RECORDS PROVIDED section start

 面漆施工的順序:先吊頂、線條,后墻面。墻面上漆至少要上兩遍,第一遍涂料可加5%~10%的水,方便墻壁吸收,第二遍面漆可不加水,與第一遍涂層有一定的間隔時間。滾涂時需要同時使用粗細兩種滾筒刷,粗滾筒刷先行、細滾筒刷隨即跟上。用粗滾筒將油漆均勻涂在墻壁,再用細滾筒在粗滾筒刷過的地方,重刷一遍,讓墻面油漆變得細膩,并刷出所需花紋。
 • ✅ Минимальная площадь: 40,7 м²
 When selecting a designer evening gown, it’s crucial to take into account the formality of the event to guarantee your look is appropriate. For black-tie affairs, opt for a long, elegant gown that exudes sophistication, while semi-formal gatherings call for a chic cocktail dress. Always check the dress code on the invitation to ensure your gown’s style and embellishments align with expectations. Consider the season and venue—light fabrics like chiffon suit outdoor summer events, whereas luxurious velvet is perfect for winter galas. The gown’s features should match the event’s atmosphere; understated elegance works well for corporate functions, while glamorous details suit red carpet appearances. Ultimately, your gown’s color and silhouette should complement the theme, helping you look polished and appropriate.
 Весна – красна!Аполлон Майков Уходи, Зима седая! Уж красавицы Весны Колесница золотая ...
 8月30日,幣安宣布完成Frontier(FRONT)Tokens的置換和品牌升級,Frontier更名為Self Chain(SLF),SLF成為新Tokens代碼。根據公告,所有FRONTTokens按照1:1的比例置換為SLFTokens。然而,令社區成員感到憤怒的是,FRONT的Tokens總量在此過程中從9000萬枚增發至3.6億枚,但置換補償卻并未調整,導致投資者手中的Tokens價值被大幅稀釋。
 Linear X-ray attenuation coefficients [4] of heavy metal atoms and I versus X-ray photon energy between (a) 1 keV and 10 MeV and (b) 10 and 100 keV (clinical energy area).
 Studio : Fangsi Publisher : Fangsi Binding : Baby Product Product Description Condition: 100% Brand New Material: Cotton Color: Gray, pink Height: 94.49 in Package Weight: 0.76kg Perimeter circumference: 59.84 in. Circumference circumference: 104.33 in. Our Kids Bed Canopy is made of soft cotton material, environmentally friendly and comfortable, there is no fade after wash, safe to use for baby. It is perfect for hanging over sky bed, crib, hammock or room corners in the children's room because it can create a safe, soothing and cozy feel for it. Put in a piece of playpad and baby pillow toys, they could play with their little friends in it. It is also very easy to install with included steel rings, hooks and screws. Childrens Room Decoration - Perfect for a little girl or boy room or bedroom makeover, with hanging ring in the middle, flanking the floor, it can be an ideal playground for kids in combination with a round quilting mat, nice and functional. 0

RECORDS PROVIDED section end

WHAT YOU ARE ASKED TO DO:
The required output is the exact run of lines from the one with "Linear X-ray attenuation" through the final line of the entries.

ANSWER BOX:
 Linear X-ray attenuation coefficients [4] of heavy metal atoms and I versus X-ray photon energy between (a) 1 keV and 10 MeV and (b) 10 and 100 keV (clinical energy area).
 Studio : Fangsi Publisher : Fangsi Binding : Baby Product Product Description Condition: 100% Brand New Material: Cotton Color: Gray, pink Height: 94.49 in Package Weight: 0.76kg Perimeter circumference: 59.84 in. Circumference circumference: 104.33 in. Our Kids Bed Canopy is made of soft cotton material, environmentally friendly and comfortable, there is no fade after wash, safe to use for baby. It is perfect for hanging over sky bed, crib, hammock or room corners in the children's room because it can create a safe, soothing and cozy feel for it. Put in a piece of playpad and baby pillow toys, they could play with their little friends in it. It is also very easy to install with included steel rings, hooks and screws. Childrens Room Decoration - Perfect for a little girl or boy room or bedroom makeover, with hanging ring in the middle, flanking the floor, it can be an ideal playground for kids in combination with a round quilting mat, nice and functional. 0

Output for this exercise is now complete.